### [What you have to do]
To complete this task, print all the data below exactly but leave out the images.

### [Data below]
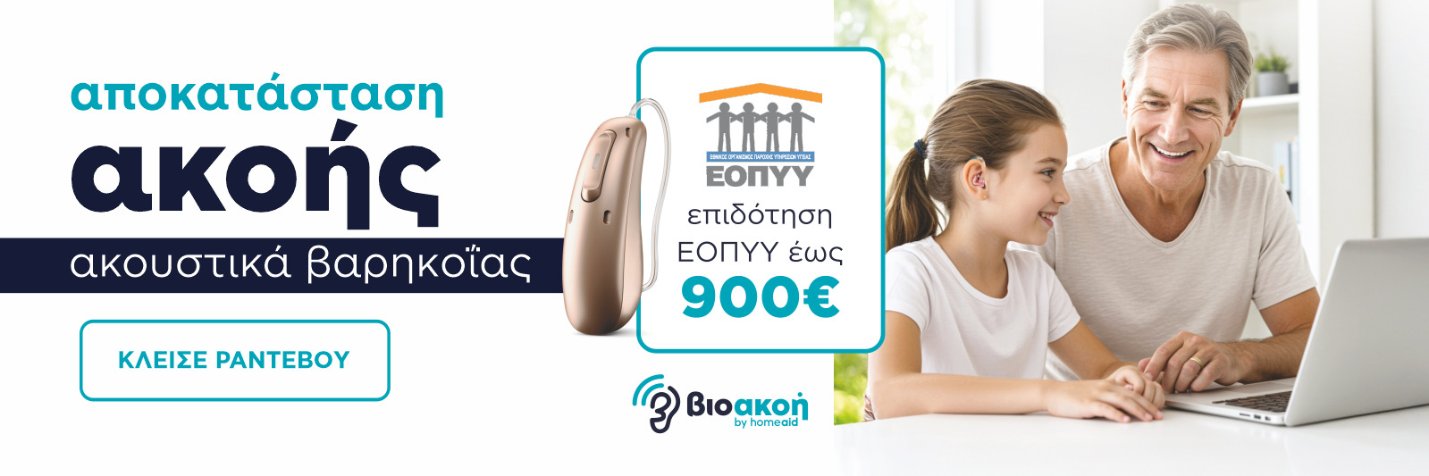 Αποκατάσταση ακοής, με επιδότηση ΕΟΠΥΥ έως 900€. Κλείσε τώρα ραντεβού για μια δωρεάν συνεδρία και δες ποιος τύπος ακουστικού είναι για σένα.
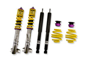 KW V2 INOX-LINE coilovers are the perfect solution for drivers who want more than just outstanding looks and adjustable ride height. In addition to stainless steel coilover struts, and corrosion-resistant components built for long term durability, KW V2 coilovers utilize TVR-A (Twin Valve Rebound - Adjustable) technology that allow Adjustment of the rebound damping characteristics with 16 clicks so you can fine tune the ride comfort or performance to your satisfaction. As with all KW coilovers our engineers develop vehicle specific damper settings that undergo comprehensive testing on the Nurburgring Nordschleife and in our KW 7-post Driving Dynamic Test Center. With a KW coilover kit the driving experience is more dynamic and direct. With the rebound adjustability you have a more direct influence on the handling or comfort of the car. With 16 precise clicks you can adjust the KW dampers (more firm or more comfortable) without affecting the compression damping fine-tuned by our engineers. The two-stage, patented TVR-A (Twin Valve Rebound - Adjustable) technology enables a small volume of oil flow through an adjustable, conically shaped, low-speed bypass during low damper speeds, while at high damper speeds, the main rebound stage valve opens allowing a larger volume of oil to flow. This provides a big improvement in terms of ride comfort without influencing the high-speed range. There are 16 precise clicks available for individual settings, so you can choose between more comfort or more body control. With KW V2 coilovers you can achieve maximum lowering within an approved lowering range that ensures a proper functioning suspension and adequate travel after your car is lowered. Even after years of use you can easily adjust the ride height thanks to the dirt resistant trapezoid thread and composite adjustment collar.
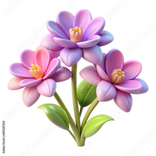 Delicate purple flowers on a stem in 3D rendering style on a white background

### [Result of the task]
 Αποκατάσταση ακοής, με επιδότηση ΕΟΠΥΥ έως 900€. Κλείσε τώρα ραντεβού για μια δωρεάν συνεδρία και δες ποιος τύπος ακουστικού είναι για σένα.
 KW V2 INOX-LINE coilovers are the perfect solution for drivers who want more than just outstanding looks and adjustable ride height. In addition to stainless steel coilover struts, and corrosion-resistant components built for long term durability, KW V2 coilovers utilize TVR-A (Twin Valve Rebound - Adjustable) technology that allow Adjustment of the rebound damping characteristics with 16 clicks so you can fine tune the ride comfort or performance to your satisfaction. As with all KW coilovers our engineers develop vehicle specific damper settings that undergo comprehensive testing on the Nurburgring Nordschleife and in our KW 7-post Driving Dynamic Test Center. With a KW coilover kit the driving experience is more dynamic and direct. With the rebound adjustability you have a more direct influence on the handling or comfort of the car. With 16 precise clicks you can adjust the KW dampers (more firm or more comfortable) without affecting the compression damping fine-tuned by our engineers. The two-stage, patented TVR-A (Twin Valve Rebound - Adjustable) technology enables a small volume of oil flow through an adjustable, conically shaped, low-speed bypass during low damper speeds, while at high damper speeds, the main rebound stage valve opens allowing a larger volume of oil to flow. This provides a big improvement in terms of ride comfort without influencing the high-speed range. There are 16 precise clicks available for individual settings, so you can choose between more comfort or more body control. With KW V2 coilovers you can achieve maximum lowering within an approved lowering range that ensures a proper functioning suspension and adequate travel after your car is lowered. Even after years of use you can easily adjust the ride height thanks to the dirt resistant trapezoid thread and composite adjustment collar.
 Delicate purple flowers on a stem in 3D rendering style on a white background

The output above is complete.